§ **RECORD EXCERPTS**

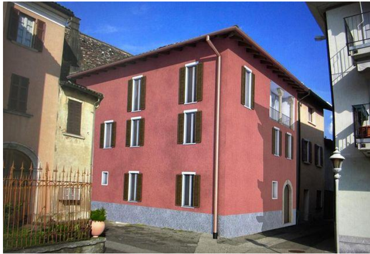
Terrasse / terrazza
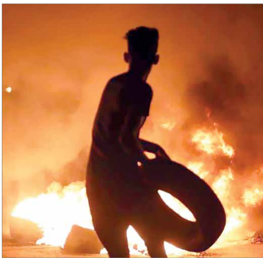
جانب من الاحتجاجات على قطع إيران الكهرباء عن البصرة
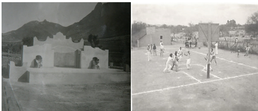
FIGURA 6 - TEATRO AL AIRE LIBRE, ESCUELA NORMAL RURAL DE GALEANA, 1932 / CANCHA DE BÁSQUETBOL “EL CHARQUILLO”, DR. ARROYO, N.L., 1932

Los teatros al aire libre, las canchas deportivas y los baños fueron también espacios indispensables en las escuelas rurales, pues los dos primeros servían para cumplir los objetivos de la escuela rural de fomentar y difundir la cultura nacional y la moralización campesina a través de obras de teatro y ceremonias cívicas, que como escenario contaron con el teatro al Aire Libre. Asimismo, el deporte se vio como una práctica fundamental para fomentar la salud, la convivencia, el trabajo en equipo, la diversión “sana” que alejara a los jóvenes y adultos de “los vicios”. Ambas construcciones fueron muy sencillas, los teatros consistían en estrados de material de concreto con escaleras a sus costados, en el fondo se levantaba una barda de ladrillo que era enjarrada y decorada con murales que hacía alusión a la vida campesina y al progreso material. Las canchas deportivas eran las más simples de hacer, pues se desmontaba un terreno, se delimitaba con cal sus extensiones y se colocaba una red en medio para hacer una cancha de voleibol o bien se colocaban en sus extremos dos canastas fabricadas de madera para convertirla en cancha de básquetbol.
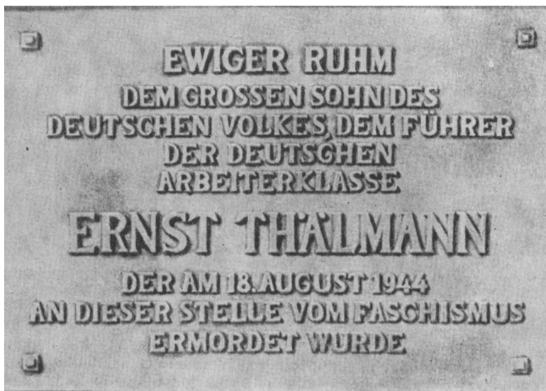
Рис. 59. Мемориальная доска на стене крематория:

ВЕЧНАЯ СЛАВА ВЕЛИКОМУ СЫНУ НЕМЕЦКОГО НАРОДА, ВОЖДЮ НЕМЕЦКОГО РАБОЧЕГО КЛАССА ЭРНСТУ ТЕЛЬМАНУ УБИТОМУ ФАШИСТАМИ НА ЭТОМ МЕСТЕ 18 АВГУСТА 1944 ГОДА

§ **WORK REQUEST**
Copy only what lies between the start of the listing above and the line containing "Рис. 59. Мемориальная", inclusive of both ends, exactly as written, and drop the pictures.

§ **THE ANSWER**
Terrasse / terrazza
جانب من الاحتجاجات على قطع إيران الكهرباء عن البصرة
FIGURA 6 - TEATRO AL AIRE LIBRE, ESCUELA NORMAL RURAL DE GALEANA, 1932 / CANCHA DE BÁSQUETBOL “EL CHARQUILLO”, DR. ARROYO, N.L., 1932

Los teatros al aire libre, las canchas deportivas y los baños fueron también espacios indispensables en las escuelas rurales, pues los dos primeros servían para cumplir los objetivos de la escuela rural de fomentar y difundir la cultura nacional y la moralización campesina a través de obras de teatro y ceremonias cívicas, que como escenario contaron con el teatro al Aire Libre. Asimismo, el deporte se vio como una práctica fundamental para fomentar la salud, la convivencia, el trabajo en equipo, la diversión “sana” que alejara a los jóvenes y adultos de “los vicios”. Ambas construcciones fueron muy sencillas, los teatros consistían en estrados de material de concreto con escaleras a sus costados, en el fondo se levantaba una barda de ladrillo que era enjarrada y decorada con murales que hacía alusión a la vida campesina y al progreso material. Las canchas deportivas eran las más simples de hacer, pues se desmontaba un terreno, se delimitaba con cal sus extensiones y se colocaba una red en medio para hacer una cancha de voleibol o bien se colocaban en sus extremos dos canastas fabricadas de madera para convertirla en cancha de básquetbol.
Рис. 59. Мемориальная доска на стене крематория:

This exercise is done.